В Лондоне, на улице, я нос к носу сталкиваюсь с директором моего института, а я был там членом парткома, мы часто ссорились, он вечно стукался об меня, как о камень.

Кстати, узнал я директора в Лондоне, как и всех русских узнавал за границей, по заду, прошу простить за натурализм, но, как говорится, из песни слова не выбросишь.

Он, между прочим, видит, что я одет не как посольские работники, и, умница, отвернулся! Впрочем, может, ему просто противно было со мной разговаривать, если он вспомнил, как мы ругались: еще не хватает, мол, в Лондоне об этого типа (об меня, значит) стукаться!

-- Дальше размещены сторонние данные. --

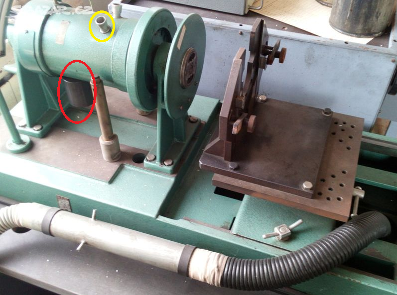 Červeným je zakrúžkované to závažie - dá sa odkrútiť, je na ňom vyrazený moment. Malo by k tomu byť tých závaží viac, ale aj keď by bolo iba jedno, tak zvyšné ľahko dopočítaš a vyrobíš podľa jeho hmotnosti. Teoreticky sa dá všetko merať tým najťažším, ale pri malých momentoch bude výchylka malá a presnosť nič moc.

И так случилось, что буквально месяца через два встречаемся уже в Москве и вновь на улице, и опять нос к носу, — надо же! Я был в Москве в составе британской торговой делегации.

Говорю директору:

— Здравствуйте!

Нет, не так говорю, а так:

— Здра-а-а-а-вствуйте!

И он мне в той же развязной тональности:

— Здра-а-а-вствуйте! Ну-с, где работаем?

— Во Вьетнаме, — отвечаю я, не моргнув глазом.

— Что-то слабо загорели, а там солнце.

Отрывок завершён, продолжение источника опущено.